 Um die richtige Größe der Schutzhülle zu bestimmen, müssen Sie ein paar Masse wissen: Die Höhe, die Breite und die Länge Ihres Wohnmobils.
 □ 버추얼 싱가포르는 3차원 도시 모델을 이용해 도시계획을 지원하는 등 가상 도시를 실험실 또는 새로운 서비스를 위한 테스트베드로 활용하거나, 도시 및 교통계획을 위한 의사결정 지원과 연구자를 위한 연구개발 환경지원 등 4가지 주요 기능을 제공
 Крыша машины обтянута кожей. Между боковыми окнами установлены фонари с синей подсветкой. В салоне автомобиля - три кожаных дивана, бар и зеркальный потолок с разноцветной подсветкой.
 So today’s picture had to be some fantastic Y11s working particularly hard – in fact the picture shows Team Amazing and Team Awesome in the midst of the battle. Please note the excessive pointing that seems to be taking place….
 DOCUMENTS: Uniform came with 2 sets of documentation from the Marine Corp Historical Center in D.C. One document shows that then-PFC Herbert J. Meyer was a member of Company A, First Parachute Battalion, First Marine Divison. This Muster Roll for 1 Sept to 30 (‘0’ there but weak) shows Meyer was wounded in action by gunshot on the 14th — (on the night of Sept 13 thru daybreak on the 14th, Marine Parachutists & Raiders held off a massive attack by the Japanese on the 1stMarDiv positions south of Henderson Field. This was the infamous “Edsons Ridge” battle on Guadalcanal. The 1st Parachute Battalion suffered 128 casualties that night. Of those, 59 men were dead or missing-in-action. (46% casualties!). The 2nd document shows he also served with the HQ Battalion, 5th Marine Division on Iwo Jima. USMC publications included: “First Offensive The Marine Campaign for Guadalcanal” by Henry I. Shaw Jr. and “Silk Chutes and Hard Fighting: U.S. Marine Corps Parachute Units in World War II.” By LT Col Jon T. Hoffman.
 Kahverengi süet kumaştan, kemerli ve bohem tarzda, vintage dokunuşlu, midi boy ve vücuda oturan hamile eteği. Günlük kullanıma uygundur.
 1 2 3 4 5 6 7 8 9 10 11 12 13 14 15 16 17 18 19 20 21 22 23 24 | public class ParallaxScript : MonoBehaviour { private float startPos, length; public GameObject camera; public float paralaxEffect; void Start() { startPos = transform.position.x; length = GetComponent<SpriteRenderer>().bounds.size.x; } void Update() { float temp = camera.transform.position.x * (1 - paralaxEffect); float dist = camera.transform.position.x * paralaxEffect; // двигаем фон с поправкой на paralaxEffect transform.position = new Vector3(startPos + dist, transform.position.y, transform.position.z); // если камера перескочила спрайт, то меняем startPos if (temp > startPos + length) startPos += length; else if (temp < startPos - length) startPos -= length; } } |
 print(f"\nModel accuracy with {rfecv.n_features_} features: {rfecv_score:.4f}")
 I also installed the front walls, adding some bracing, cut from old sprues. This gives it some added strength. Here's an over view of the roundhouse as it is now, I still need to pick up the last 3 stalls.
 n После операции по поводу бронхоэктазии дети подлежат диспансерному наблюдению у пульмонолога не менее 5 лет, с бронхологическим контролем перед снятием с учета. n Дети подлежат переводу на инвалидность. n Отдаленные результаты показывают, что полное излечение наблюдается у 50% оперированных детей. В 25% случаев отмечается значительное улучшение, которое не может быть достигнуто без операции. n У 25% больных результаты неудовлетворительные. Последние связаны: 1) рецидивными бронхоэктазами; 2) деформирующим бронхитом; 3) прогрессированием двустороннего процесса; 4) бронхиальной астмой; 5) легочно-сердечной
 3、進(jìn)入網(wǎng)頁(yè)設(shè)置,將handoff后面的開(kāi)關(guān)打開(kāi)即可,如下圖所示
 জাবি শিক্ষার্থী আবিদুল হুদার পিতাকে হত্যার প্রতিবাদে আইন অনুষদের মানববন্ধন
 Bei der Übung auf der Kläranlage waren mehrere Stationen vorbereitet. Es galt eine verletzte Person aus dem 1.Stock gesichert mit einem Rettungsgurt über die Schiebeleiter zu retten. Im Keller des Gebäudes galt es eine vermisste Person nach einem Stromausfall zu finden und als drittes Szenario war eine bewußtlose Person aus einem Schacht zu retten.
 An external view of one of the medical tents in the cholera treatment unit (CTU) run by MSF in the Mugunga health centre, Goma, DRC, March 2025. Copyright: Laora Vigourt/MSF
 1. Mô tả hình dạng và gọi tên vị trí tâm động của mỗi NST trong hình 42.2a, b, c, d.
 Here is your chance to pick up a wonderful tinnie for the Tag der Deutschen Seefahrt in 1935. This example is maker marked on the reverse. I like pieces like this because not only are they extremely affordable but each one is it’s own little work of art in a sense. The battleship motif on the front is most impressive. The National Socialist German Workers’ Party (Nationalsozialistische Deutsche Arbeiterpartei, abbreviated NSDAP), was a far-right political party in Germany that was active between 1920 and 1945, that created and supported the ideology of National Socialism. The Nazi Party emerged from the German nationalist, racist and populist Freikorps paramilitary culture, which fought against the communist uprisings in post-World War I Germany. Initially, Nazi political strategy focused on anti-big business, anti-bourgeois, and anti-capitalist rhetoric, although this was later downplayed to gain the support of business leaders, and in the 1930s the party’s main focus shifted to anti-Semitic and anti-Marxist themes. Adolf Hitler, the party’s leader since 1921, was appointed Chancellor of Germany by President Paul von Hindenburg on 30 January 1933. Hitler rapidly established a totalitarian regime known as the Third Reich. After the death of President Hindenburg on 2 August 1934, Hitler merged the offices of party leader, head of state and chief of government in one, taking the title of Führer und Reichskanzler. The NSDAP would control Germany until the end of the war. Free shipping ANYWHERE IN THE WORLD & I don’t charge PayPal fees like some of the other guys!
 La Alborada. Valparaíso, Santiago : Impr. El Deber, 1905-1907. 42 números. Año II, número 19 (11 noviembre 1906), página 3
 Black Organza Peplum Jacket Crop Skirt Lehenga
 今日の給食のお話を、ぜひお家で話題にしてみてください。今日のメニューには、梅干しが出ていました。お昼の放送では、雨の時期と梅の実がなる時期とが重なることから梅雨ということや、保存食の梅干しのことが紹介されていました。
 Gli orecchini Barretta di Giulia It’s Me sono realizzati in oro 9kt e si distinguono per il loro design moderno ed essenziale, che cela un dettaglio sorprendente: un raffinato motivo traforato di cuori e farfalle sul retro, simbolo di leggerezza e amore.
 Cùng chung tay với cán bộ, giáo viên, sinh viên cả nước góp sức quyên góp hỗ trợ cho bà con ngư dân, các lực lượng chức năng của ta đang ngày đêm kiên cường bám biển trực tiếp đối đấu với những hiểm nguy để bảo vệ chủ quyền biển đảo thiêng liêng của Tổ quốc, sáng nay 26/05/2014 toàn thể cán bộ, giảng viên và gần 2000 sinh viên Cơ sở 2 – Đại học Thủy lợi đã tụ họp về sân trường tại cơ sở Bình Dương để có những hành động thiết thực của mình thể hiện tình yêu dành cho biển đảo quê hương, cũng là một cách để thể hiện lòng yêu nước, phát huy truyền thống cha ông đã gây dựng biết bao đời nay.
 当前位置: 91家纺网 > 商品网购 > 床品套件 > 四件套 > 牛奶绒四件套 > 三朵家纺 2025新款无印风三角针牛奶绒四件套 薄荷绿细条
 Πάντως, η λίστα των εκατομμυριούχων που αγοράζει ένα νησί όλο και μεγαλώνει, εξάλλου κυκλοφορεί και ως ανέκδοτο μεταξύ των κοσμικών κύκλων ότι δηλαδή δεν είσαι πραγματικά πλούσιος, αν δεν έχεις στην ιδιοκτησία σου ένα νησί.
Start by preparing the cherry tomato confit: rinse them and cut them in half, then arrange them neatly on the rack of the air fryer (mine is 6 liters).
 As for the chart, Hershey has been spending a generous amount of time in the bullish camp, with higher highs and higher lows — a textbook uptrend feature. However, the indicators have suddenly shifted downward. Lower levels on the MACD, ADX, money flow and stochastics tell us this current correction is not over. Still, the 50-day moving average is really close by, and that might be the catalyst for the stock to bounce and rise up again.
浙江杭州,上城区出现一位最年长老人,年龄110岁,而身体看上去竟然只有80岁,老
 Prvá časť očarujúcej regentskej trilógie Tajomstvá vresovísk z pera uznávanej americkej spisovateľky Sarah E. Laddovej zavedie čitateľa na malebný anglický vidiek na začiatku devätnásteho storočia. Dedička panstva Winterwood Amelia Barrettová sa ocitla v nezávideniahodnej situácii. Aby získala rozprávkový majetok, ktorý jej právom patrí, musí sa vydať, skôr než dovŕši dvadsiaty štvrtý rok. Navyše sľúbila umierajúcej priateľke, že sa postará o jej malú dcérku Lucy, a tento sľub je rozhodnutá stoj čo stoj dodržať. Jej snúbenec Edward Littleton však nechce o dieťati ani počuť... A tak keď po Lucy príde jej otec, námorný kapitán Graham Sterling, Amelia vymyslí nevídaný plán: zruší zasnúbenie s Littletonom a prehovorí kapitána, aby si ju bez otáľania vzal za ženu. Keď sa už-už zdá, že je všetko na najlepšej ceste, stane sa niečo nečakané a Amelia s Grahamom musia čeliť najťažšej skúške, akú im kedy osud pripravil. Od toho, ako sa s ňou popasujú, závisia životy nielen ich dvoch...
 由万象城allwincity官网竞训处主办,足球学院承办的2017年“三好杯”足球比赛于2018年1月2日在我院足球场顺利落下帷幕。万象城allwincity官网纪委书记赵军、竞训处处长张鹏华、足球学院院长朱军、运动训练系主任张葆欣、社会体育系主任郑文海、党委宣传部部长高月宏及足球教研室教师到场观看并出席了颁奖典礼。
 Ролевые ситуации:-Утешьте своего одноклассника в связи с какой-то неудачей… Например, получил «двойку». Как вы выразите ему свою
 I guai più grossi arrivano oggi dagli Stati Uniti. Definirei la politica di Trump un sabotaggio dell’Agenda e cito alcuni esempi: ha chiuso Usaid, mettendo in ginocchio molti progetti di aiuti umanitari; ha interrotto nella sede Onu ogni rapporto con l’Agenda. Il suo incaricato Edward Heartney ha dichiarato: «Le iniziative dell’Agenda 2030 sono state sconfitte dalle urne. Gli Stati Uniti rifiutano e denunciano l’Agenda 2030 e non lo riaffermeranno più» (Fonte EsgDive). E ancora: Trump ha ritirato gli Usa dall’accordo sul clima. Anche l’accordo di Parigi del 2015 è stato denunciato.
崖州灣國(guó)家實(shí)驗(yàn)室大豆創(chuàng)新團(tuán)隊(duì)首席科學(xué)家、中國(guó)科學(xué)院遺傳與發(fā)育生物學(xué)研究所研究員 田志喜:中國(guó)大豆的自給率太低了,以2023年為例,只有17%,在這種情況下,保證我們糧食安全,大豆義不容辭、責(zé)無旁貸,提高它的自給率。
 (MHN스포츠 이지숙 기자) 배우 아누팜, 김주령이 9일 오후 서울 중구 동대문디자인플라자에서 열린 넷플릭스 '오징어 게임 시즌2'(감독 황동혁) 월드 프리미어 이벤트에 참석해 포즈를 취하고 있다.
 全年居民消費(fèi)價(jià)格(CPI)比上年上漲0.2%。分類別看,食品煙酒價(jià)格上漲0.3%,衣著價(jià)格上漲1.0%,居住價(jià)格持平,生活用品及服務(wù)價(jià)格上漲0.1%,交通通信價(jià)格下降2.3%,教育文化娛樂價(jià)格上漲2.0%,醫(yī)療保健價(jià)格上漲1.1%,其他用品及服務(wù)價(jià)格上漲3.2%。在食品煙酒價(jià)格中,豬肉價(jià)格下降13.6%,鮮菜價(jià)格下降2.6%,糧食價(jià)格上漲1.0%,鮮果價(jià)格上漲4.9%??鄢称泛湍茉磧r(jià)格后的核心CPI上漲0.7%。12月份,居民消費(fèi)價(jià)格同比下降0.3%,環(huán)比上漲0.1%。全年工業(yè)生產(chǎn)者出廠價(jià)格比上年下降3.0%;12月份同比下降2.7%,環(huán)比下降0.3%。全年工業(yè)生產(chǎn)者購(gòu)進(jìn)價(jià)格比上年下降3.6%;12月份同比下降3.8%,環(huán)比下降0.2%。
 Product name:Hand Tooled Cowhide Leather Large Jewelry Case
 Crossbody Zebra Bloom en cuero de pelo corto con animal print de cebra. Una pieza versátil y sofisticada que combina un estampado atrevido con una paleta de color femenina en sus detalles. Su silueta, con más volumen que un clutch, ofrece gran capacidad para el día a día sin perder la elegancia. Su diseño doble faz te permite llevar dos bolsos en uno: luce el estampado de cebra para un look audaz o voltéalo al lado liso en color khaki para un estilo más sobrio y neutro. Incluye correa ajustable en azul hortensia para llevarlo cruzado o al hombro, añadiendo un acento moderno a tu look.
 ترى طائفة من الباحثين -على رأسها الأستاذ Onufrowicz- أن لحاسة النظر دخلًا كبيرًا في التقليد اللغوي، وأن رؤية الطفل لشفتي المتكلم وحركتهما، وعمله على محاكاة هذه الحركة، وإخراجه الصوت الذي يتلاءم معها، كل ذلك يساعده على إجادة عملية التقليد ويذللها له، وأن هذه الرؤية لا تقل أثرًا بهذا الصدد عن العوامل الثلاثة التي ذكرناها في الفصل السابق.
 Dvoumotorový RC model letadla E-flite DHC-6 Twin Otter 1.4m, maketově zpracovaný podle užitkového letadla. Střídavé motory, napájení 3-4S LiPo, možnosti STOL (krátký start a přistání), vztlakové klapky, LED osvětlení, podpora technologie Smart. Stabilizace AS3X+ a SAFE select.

## Your instructions
The reply should consist solely of the lines above from the one that has "জাবি শিক্ষার্থী আবিদুল" through the one that has "1. Mô tả hình", reproduced exactly.

## Expected output
 জাবি শিক্ষার্থী আবিদুল হুদার পিতাকে হত্যার প্রতিবাদে আইন অনুষদের মানববন্ধন
 Bei der Übung auf der Kläranlage waren mehrere Stationen vorbereitet. Es galt eine verletzte Person aus dem 1.Stock gesichert mit einem Rettungsgurt über die Schiebeleiter zu retten. Im Keller des Gebäudes galt es eine vermisste Person nach einem Stromausfall zu finden und als drittes Szenario war eine bewußtlose Person aus einem Schacht zu retten.
 An external view of one of the medical tents in the cholera treatment unit (CTU) run by MSF in the Mugunga health centre, Goma, DRC, March 2025. Copyright: Laora Vigourt/MSF
 1. Mô tả hình dạng và gọi tên vị trí tâm động của mỗi NST trong hình 42.2a, b, c, d.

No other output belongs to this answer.